1. A method of making a CFET device, comprising: the method comprises the following steps:

s1, providing a substrate; epitaxially growing a superlattice laminate on the substrate, the superlattice laminate including an I-channel layer therein;

s2, sequentially depositing a II-type channel layer, a first interface oxide layer, a silicon nitride layer and an amorphous silicon layer on the upper surface of the laminated layer of the superlattice;

s3, patterning the amorphous silicon layer through photoetching and etching processes to form a top die, and depositing a second interface oxide layer on the top die and the surface of the exposed silicon nitride layer;

s4, etching the second interface oxide layers on the upper surface of the top die, so that the second interface oxide layers on the two sides of the top die form side walls;

s5, continuing to etch the silicon nitride layer and the first interface oxide layer by taking the side wall and the top die as masks to form a silicon nitride die and an interface oxide die;

s6, etching the II-type channel layer and the superlattice laminate by taking the side wall and the top mould as masks to form an I-type channel structure of the first stack part, and then etching away the top mould and part of the side wall;

s7, continuing etching by taking the reserved side wall as a mask pair, and etching a silicon nitride mandrel and an interface oxidation mandrel formed by the silicon nitride die and the interface oxidation die until a II-type channel layer is exposed between adjacent interface oxidation mandrels, so as to form a II-type channel structure of a second stack part;

s8, etching the side wall, the silicon nitride core die and the interface oxidation core die which are reserved, and continuing etching the superlattice lamination to the substrate layer, so that the substrate layer is partially etched, and a plurality of fins distributed periodically are formed;

s9, making periodically distributed dummy gates in the direction perpendicular to the fin line;

s10, forming an I-shaped surrounding grid structure which is completely arranged around the I-shaped channel structure; and a type II surrounding gate structure disposed entirely around the type II channel structure; the crystal plane direction of the I-type channel structure in the first stack part is perpendicular to the crystal plane direction of the II-type channel structure in the second stack part.

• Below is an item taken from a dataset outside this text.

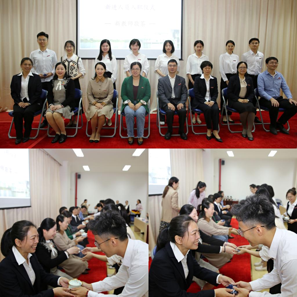 在“青藍(lán)傳承”環(huán)節(jié),校領(lǐng)導(dǎo)為新教師導(dǎo)師發(fā)放聘書,隨后導(dǎo)師們上臺(tái)接受新教師的拜師敬茶、回贈(zèng)錦囊,一拜一回中承載著導(dǎo)師和新教師們彼此間的約定,儀式現(xiàn)場師徒互動(dòng)、掌聲不斷。

2. The method according to claim 1, characterized in that: the crystal face direction of the I-type channel structure in the first stack part is vertical, and the crystal face direction of the II-type channel structure in the second stack part is horizontal.

3. The method according to claim 1 or 2, characterized in that: the I-type channel structure is an nFET channel and the II-type channel structure is a pFET channel.

4. The method according to claim 1 or 2, characterized in that: the I-type channel structure is a pFET channel and the II-type channel structure is an nFET channel.

5. The method according to claim 1 or 2, characterized in that: the I-type surrounding grid structure and the II-type surrounding grid structure are electrically connected to form a complementary field effect transistor.

6. The method according to claim 1 or 2, characterized in that: the I-type channel structure is formed of I-type Si and the II-type channel structure is formed of II-type Si.

7. The method according to claim 1, characterized in that: the I-type surrounding grid structure comprises an I-type metal grid work function layer; the type II surrounding gate structure includes a type II metal gate work function layer.

8. The method according to claim 7, wherein: the I-type metal gate work function layer is a TiN, taN, tiNx, taNx, tiNSi layer or a composite layer of a plurality of layers.

9. The method according to claim 8, wherein: the II-type metal gate work function layer is a Al, tiAl, tiAlx, tiAlCx, tiCx, taCx layer or a composite layer of a plurality of layers.